ID: 2767650 • Letter: Y

Question

You have a portfolio with a standard deviation of 20% and an expected return of 19%. You are considering adding one of the two stocks in the following table. If after adding the stock you will have 20% of your money in the new stock and 80% of your money in your existing portfolio, which one should you add?

Standard deviation of the portfolio with stock A is ____%?
Stock B is ____%?
Which stock would you add to your portfolio?

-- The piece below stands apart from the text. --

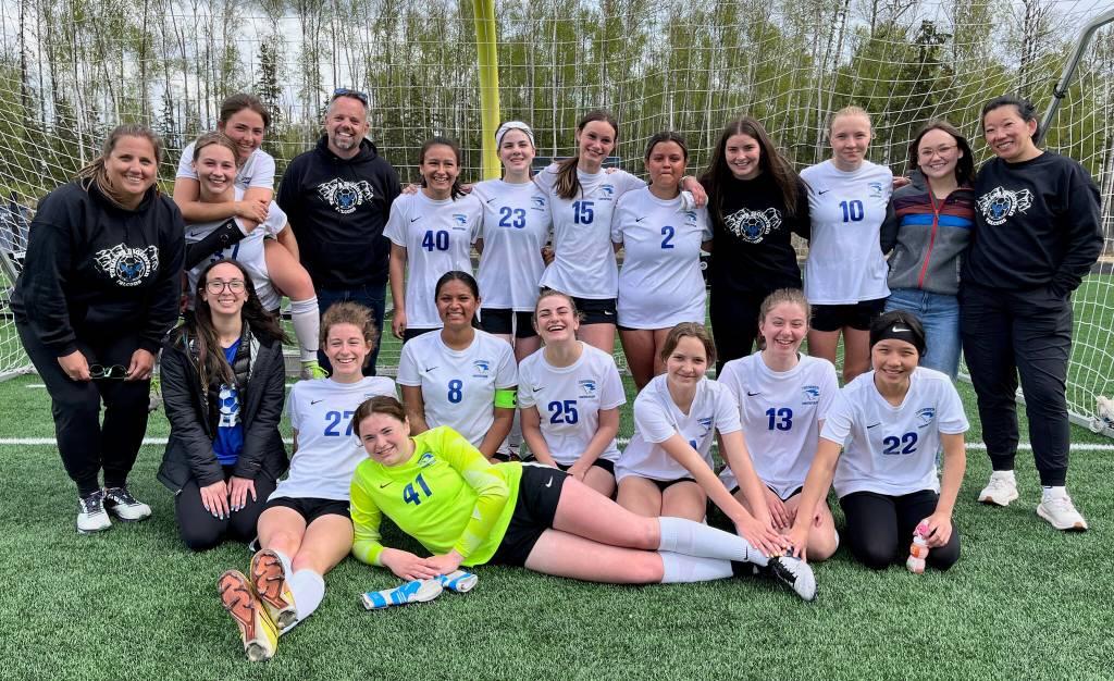 The Thunder Mountain High School Lady Falcons soccer team pose for a photo at Redington High School in Wasilla. The Lady Falcons defeated the Huskies 8-0 for their final game of the season. (Courtesy Photo)

Expected Return Standard Deviation Correlation w/your portfolio's returns Stock A 15% 22% 0.3 Stock B 15% 17% 0.7

Explanation / Answer

a. The standard deviation of the portfolio with Stock A is: sqrt(w1^2*sd1^2 + w2^2*sd2^2 + 2*w1*w2*corr*sd1*sd2)

where w1 = 0.8, w2=0.2, sd1=0.20,sd2=0.22,corr =0.3

The standard deviation of the portfolio with Stock A is = sqrt(0.8^2*0.2^2 + 0.2^2*0.22^2 + 2*0.8*0.2*0.3*0.22*0.2) = 0.1782 = 17.82%

b.

he standard deviation of the portfolio with Stock B is: sqrt(w1^2*sd1^2 + w2^2*sd2^2 + 2*w1*w2*corr*sd1*sd2)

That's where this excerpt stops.